What I want to do is maybe simple. I work on a cluster with Slurm (I have many CPUs and a lot of memory). I would like to cut my data set into subsets (by incrementing of 500 OTUs for example), and then, compute the correlations between each OTUs of the different subsets.
The main goal of this is to set a number of CPUs and RAM (for example 32 CPUs with 260 Go of RAM), start the computations of correlation between my subsets (500 OTUs, 1000 OTUs, 1500 OTUs... until 5000 OTUs) and look at the scalability. I will change the number of CPUs and the amount of RAM.
At the end, I will conclude by : "with 32 CPUs and 260 Go RAM, I can compute the correlation between X OTUs", "with 124 CPUs and 1To RAM, I can compute the correlation between X OTUs" ...

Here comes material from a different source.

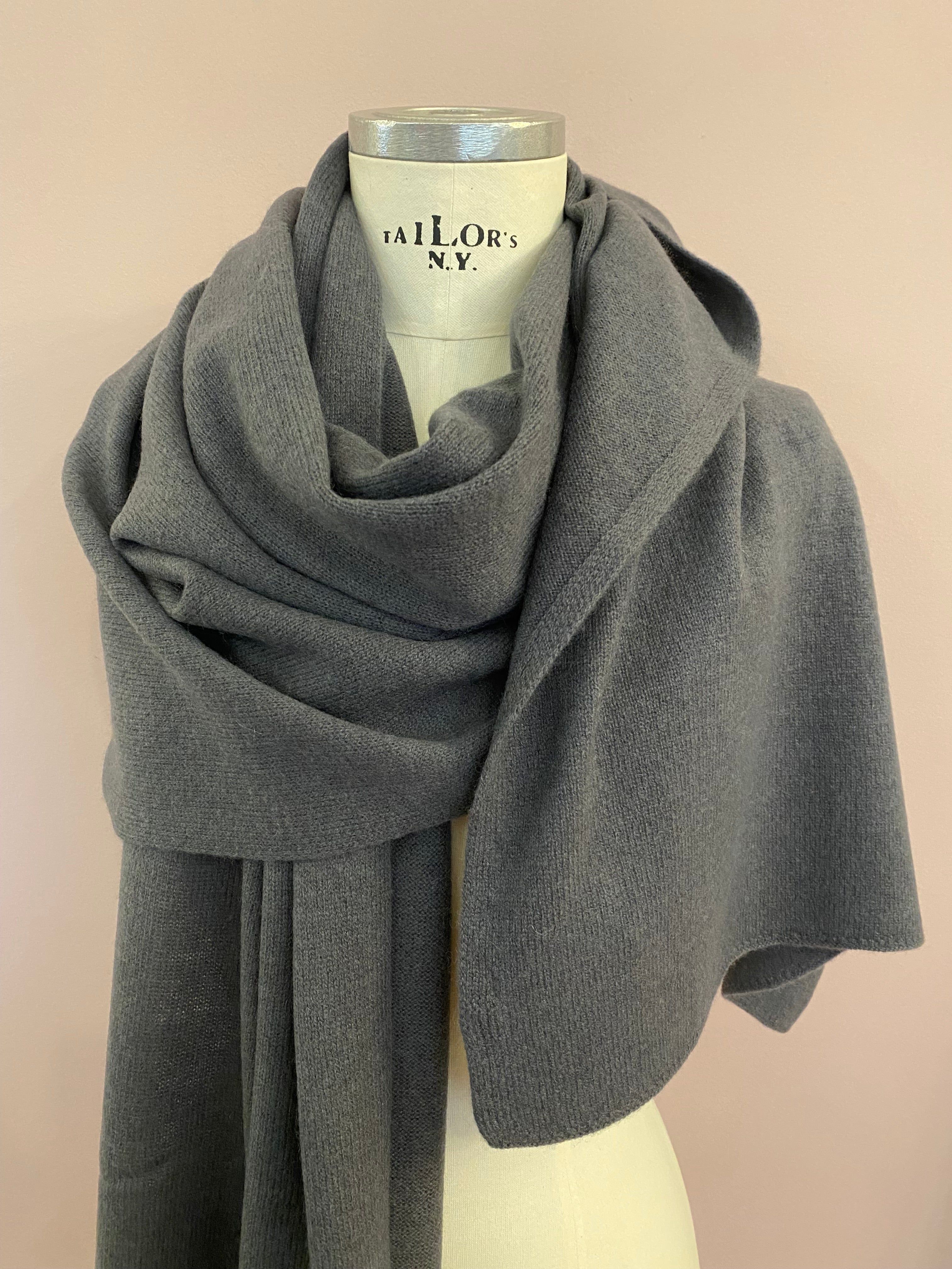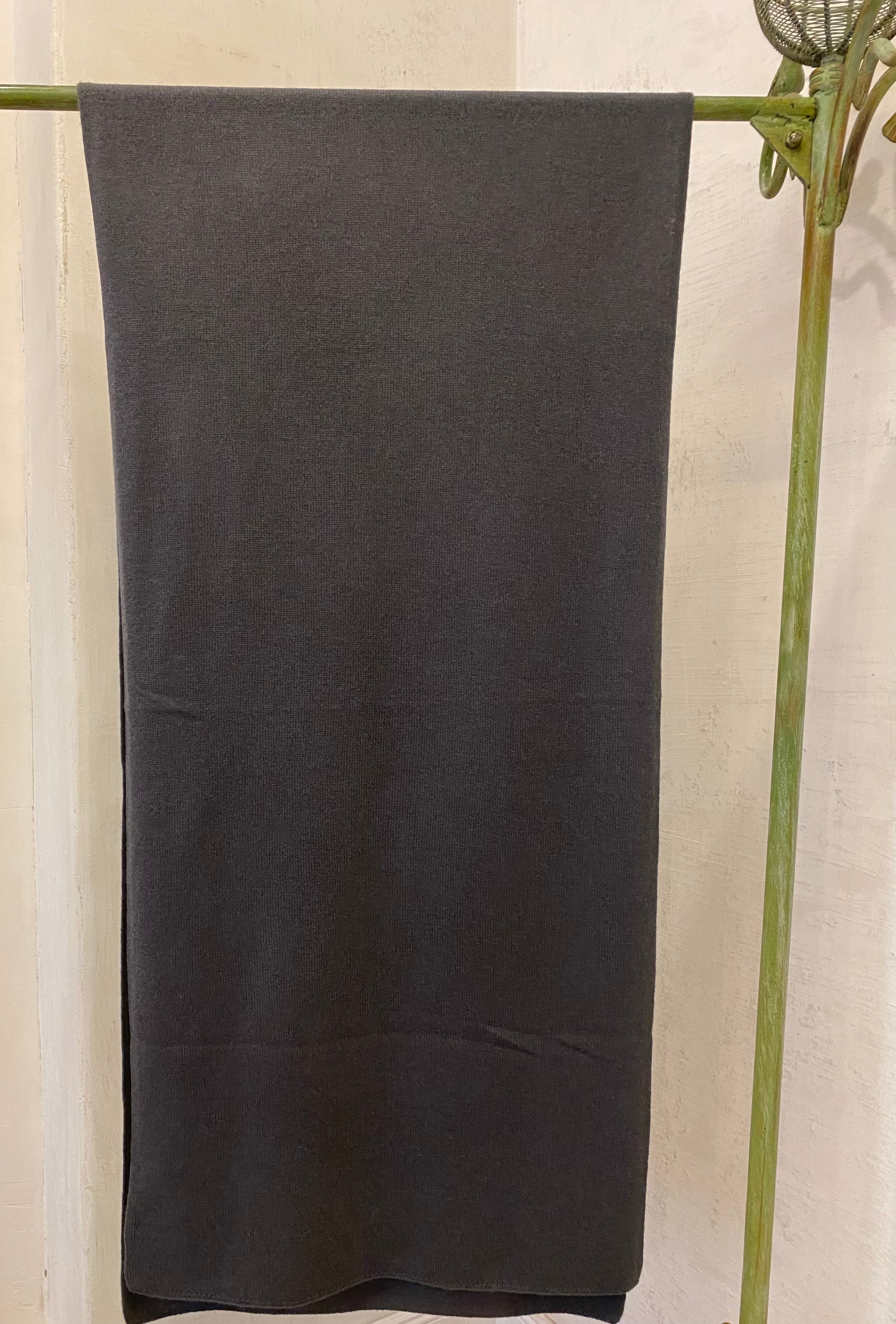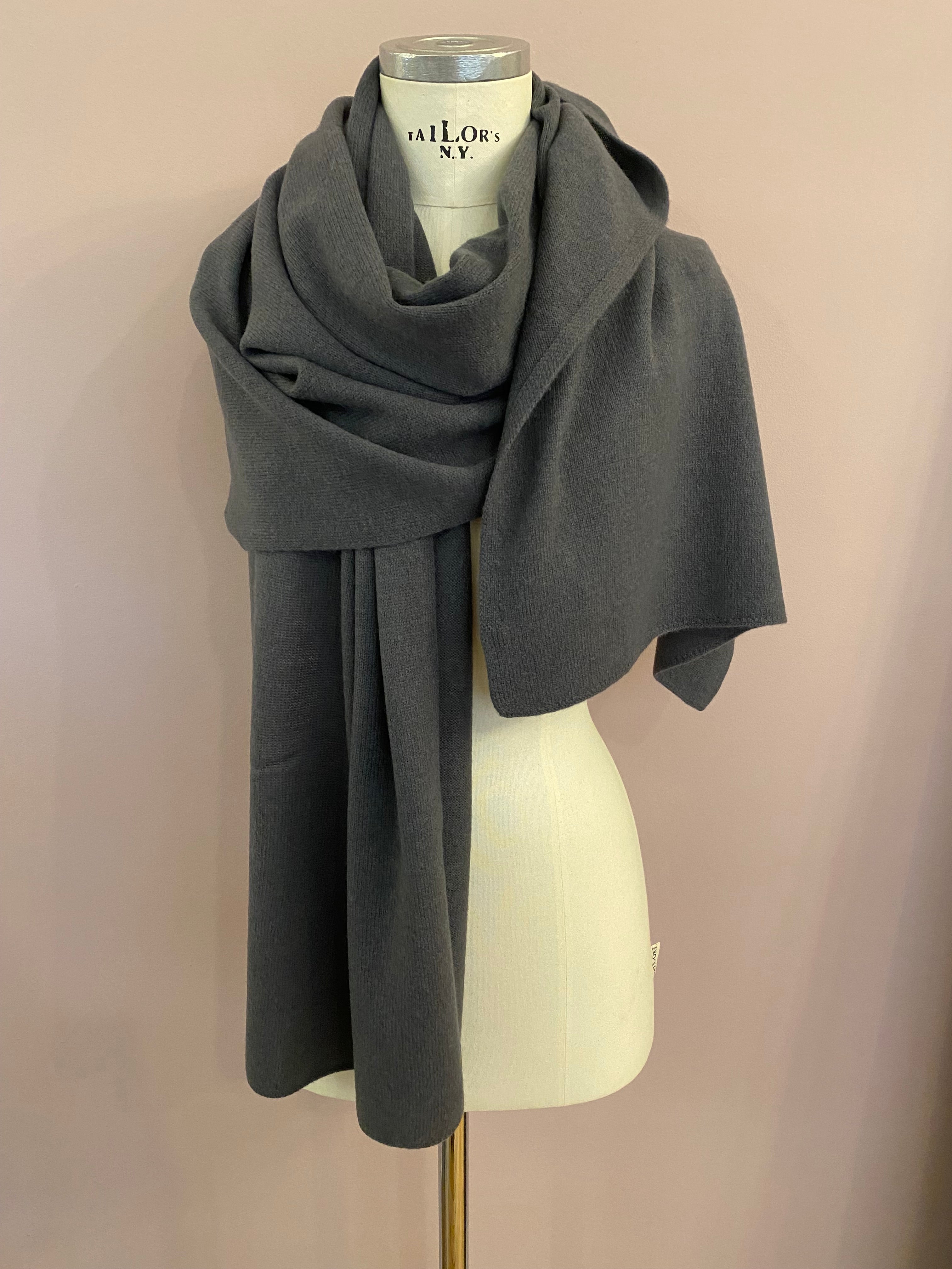 Feiner Glattstrickschal in Eisengrau von FFC. Anschmiegsamer Strick aus einem Woll-Cashmere-Mix. Seine angenehme Breite macht den Schal zu einem Allrounder, der das ganze Jahr über getragen werden kann - um den Hals ebenso, wie um die Schultern.

My problem is that I don't really know how to organize my code, and how to use the package mclapply() to parallelize.
library(optparse)
args <- commandArgs(trailingOnly = F)
# get options
option_list = list(
make_option(c("-s", "--subset"), type="character", default=NULL,
help="Input file matrix ")
);
opt_parser = OptionParser(usage = "Usage: %prog -f [FILE]",option_list=option_list,
description= "Description:")
opt = parse_args(opt_parser)
library(parallel)
library(doParallel)
library(compositional)
data=read.table("/home/vipailler/PROJET_M2/raw/truelength2.prok2.uniref2.rares.tsv", row.names=1, h=T, sep="\t")
data=clr(data) #log_ratio transformation
data=data[1:opt$subset,]
data=t(data)
cores<-32
options('mc.cores'=cores)
registerDoParallel(cores)
parallel=mclapply(cor(data, c='spearman'))
save(parallel, file=sprintf("/home/vipailler/PROJET_M2/data/parallel_%s.RData", opt$subset))
Vincent, I have edited my answer. Please read it again (at the top). Another user identified a better approach to do what you need.